Equipes menores passaram a desenvolver protótipos em ciclos mais rápidos, enquanto algumas funções tradicionais seriam eliminadas ou incorporadas por profissionais mais generalistas.
Ao mesmo tempo, a Meta desenvolveu uma ferramenta interna para identificar funcionários considerados “talentos insubstituíveis”.
A lógica era concentrar recursos nos profissionais capazes de aumentar significativamente sua produtividade utilizando IA. Parte do dinheiro economizado com os cortes poderia ser utilizada para contratar e reter especialistas altamente disputados, principalmente engenheiros de inteligência artificial.
Funcionários começaram a reagir ao plano
A transformação encontrou forte resistência dentro da empresa.
Segundo a Reuters, funcionários perceberam que a reorganização poderia representar não apenas uma mudança na maneira de trabalhar, mas também uma tentativa de substituir parte da força de trabalho por inteligência artificial.
A tensão aumentou depois que surgiram informações sobre ferramentas capazes de registrar cliques do mouse e teclas pressionadas nos computadores de funcionários nos Estados Unidos.
Alguns trabalhadores suspeitaram que esses dados poderiam ser utilizados para treinar agentes de IA capazes de reproduzir tarefas humanas.
O clima interno piorou e surgiram discussões sobre organização trabalhista.
Código feito por IA começou a causar problemas
O maior obstáculo, porém, veio da própria tecnologia.
Dados internos mostraram um crescimento significativo na quantidade de código produzido com inteligência artificial.

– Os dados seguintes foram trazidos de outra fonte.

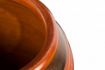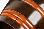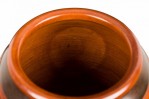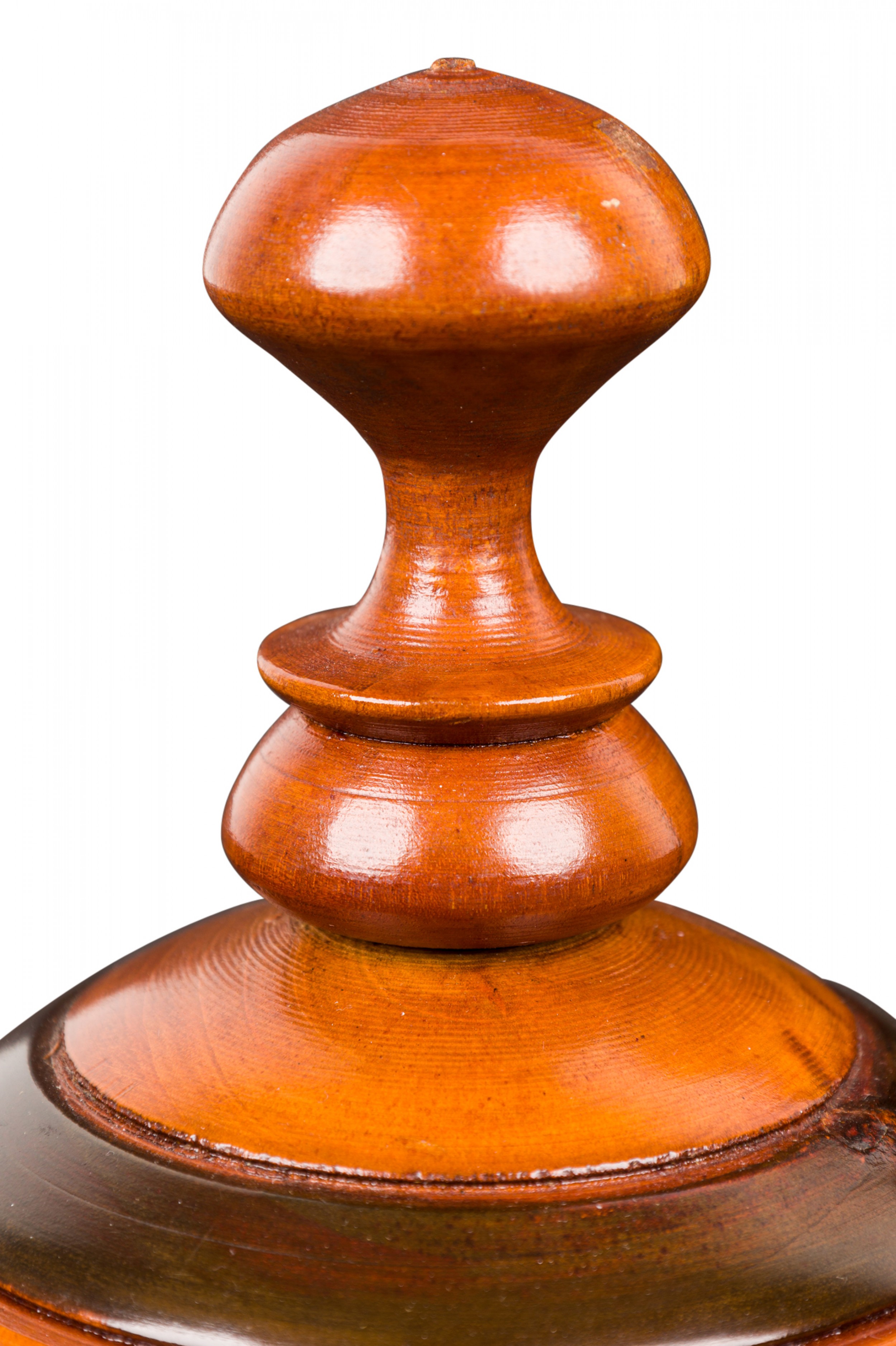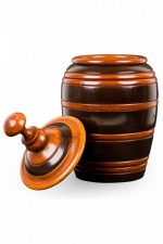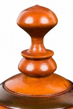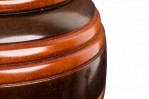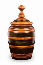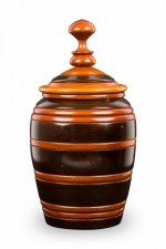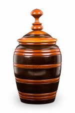 Contemporary turned wood lidded jar with a dark brown base and raised lighter brown horizontal stripes, topped with a fitted lid witth a turned ball finial.

Esse aumento, entretanto, não resultou em uma melhoria proporcional dos produtos entregues aos usuários.
Em março, equipes de infraestrutura já alertavam para problemas de confiabilidade associados ao crescimento do código gerado por IA.
No mês seguinte, documentos internos indicaram que agentes autônomos estavam executando ações disruptivas em grande escala, incluindo decisões que dificilmente seriam autorizadas por um funcionário humano.
Segundo a investigação, os problemas coincidiram com um aumento de 40% nos incidentes técnicos e de segurança.
O tempo gasto pelos funcionários para solucionar essas situações também teria aumentado cerca de 70%.
Zuckerberg cancelou segunda rodada de demissões

Diante dos problemas, Zuckerberg decidiu frear a parte mais agressiva da transformação.
Na noite de 19 de maio, poucas horas antes da primeira rodada de cortes, o CEO teria cancelado o planejamento da segunda onda de demissões prevista para novembro.
Os cortes de aproximadamente 10% programados para o dia seguinte foram mantidos.
Posteriormente, Zuckerberg informou aos funcionários que não esperava novas demissões generalizadas durante o restante do ano.
A Meta também pausou o programa de monitoramento de mouse e teclado e permitiu que alguns funcionários transferidos retornassem às equipes anteriores.
Em julho, Zuckerberg reconheceu internamente que houve erros na reorganização e afirmou que a tecnologia dos agentes de IA não avançou na velocidade que ele esperava.
A experiência da Meta mostra uma das contradições atuais da corrida pela inteligência artificial. Empresas acreditam que agentes autônomos poderão transformar profundamente o trabalho, mas substituir equipes humanas em grande escala pode ser muito mais complicado do que simplesmente produzir mais código com IA.